START WORKING DATA

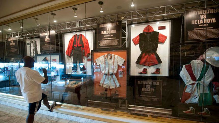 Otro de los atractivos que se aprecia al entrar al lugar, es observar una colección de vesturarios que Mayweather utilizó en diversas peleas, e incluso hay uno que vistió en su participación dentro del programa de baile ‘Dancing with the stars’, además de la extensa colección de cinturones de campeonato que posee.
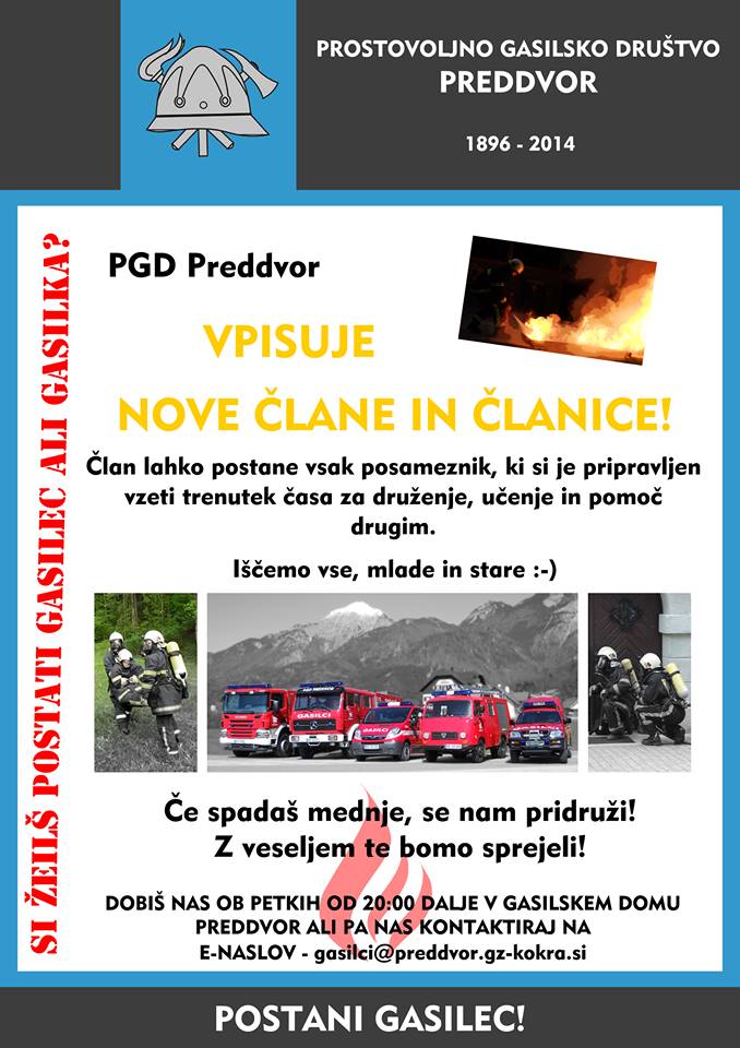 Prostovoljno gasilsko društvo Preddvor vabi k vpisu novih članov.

END WORKING DATA
START WORKING DATA

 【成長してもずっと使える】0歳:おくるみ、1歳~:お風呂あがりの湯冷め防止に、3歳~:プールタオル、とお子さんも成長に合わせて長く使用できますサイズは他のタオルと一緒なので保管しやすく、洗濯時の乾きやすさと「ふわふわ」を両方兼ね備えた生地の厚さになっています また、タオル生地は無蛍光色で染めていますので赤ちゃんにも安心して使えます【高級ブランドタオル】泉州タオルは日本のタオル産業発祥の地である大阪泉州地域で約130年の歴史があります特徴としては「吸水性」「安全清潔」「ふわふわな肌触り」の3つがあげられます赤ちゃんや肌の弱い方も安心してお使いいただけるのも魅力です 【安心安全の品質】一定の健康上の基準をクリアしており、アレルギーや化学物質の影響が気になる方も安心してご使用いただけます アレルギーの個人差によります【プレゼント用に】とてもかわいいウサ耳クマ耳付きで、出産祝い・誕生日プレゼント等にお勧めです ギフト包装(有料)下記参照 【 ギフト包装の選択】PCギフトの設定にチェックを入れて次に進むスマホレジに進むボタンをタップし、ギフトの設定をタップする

END WORKING DATA
START WORKING DATA

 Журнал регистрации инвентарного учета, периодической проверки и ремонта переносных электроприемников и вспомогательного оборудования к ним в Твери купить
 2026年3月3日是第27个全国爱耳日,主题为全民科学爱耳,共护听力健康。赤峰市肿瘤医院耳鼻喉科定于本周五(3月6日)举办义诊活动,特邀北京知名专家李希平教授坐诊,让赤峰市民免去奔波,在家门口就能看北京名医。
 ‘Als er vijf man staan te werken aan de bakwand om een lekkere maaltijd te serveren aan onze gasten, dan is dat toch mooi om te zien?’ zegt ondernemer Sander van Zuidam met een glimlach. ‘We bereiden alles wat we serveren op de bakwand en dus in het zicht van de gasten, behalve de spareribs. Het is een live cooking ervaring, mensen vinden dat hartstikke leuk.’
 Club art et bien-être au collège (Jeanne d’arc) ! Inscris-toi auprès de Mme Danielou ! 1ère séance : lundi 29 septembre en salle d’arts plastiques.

END WORKING DATA

WHAT YOU ARE ASKED TO DO:
Could you restate word for word the lines above from the one containing "2026年3月3日是第27个" through the one containing "dat hartstikke leuk.’", both included, and nothing else?

TASK ANSWER:
 2026年3月3日是第27个全国爱耳日,主题为全民科学爱耳,共护听力健康。赤峰市肿瘤医院耳鼻喉科定于本周五(3月6日)举办义诊活动,特邀北京知名专家李希平教授坐诊,让赤峰市民免去奔波,在家门口就能看北京名医。
 ‘Als er vijf man staan te werken aan de bakwand om een lekkere maaltijd te serveren aan onze gasten, dan is dat toch mooi om te zien?’ zegt ondernemer Sander van Zuidam met een glimlach. ‘We bereiden alles wat we serveren op de bakwand en dus in het zicht van de gasten, behalve de spareribs. Het is een live cooking ervaring, mensen vinden dat hartstikke leuk.’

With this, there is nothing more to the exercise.